Managed: Supabase provides automated daily backups on Pro plans and above. Point-in-time recovery is available on Team and Enterprise plans.

Manual backup:

pg_dump $DATABASE_URL > backup_$(date +%Y%m%d).sql

Redis

Redis data is ephemeral (cache, rate-limit counters). No backup is required. On Upstash, persistence is handled automatically.

For self-hosted Redis, the appendonly flag is enabled. Data persists in the redis-data Docker volume.

Encryption Keys

Store the ENCRYPTION_KEY in a secure vault. If this key is lost, encrypted credential data cannot be recovered. Use the key rotation API to rotate keys periodically.

Key loss

There is no recovery mechanism for data encrypted with a lost ENCRYPTION_KEY. Store it in at least two independent secure locations.

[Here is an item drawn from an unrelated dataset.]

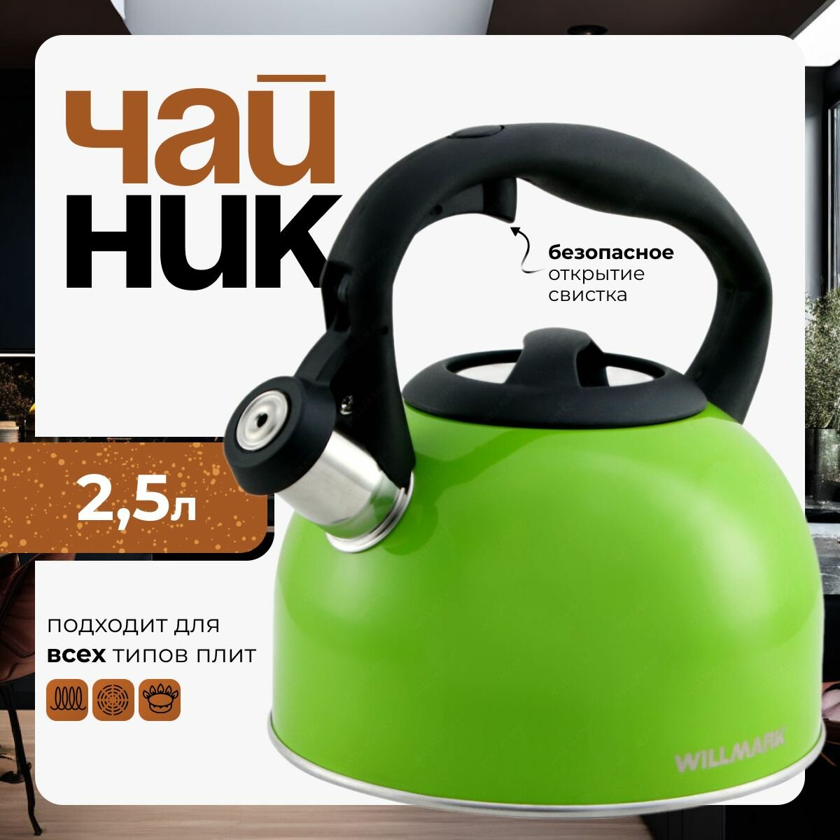 Купить Чайник WILLMARK WTK-3229SS зеленый, со свистком, 2.5л, для плиты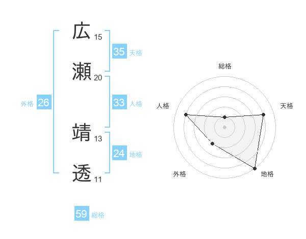 広瀬 靖透さんの総格は59画の1点!

Disaster Recovery Checklist

  1. Database: Restore from Supabase backup or manual pg_dump
  2. Environment variables: Re-apply from secrets manager
  3. SSL certificates: Re-issue via Let's Encrypt or restore from backup
  4. Docker volumes (self-hosted): prometheus-data, grafana-data, supabase-data should be on persistent storage with regular snapshots

Updating

Managed

  • Backend: Push to main (or merge a PR). Railway auto-deploys.
  • Frontend: Push to main. Vercel auto-deploys.
  • Database: Apply new migrations via Supabase SQL Editor.

Self-Hosted

cd gremia-labs
git pull origin main
docker compose -f docker-compose.prod.yml build orchestrator web
docker compose -f docker-compose.prod.yml up -d orchestrator web

Zero-downtime updates are supported when running multiple orchestrator replicas behind Nginx.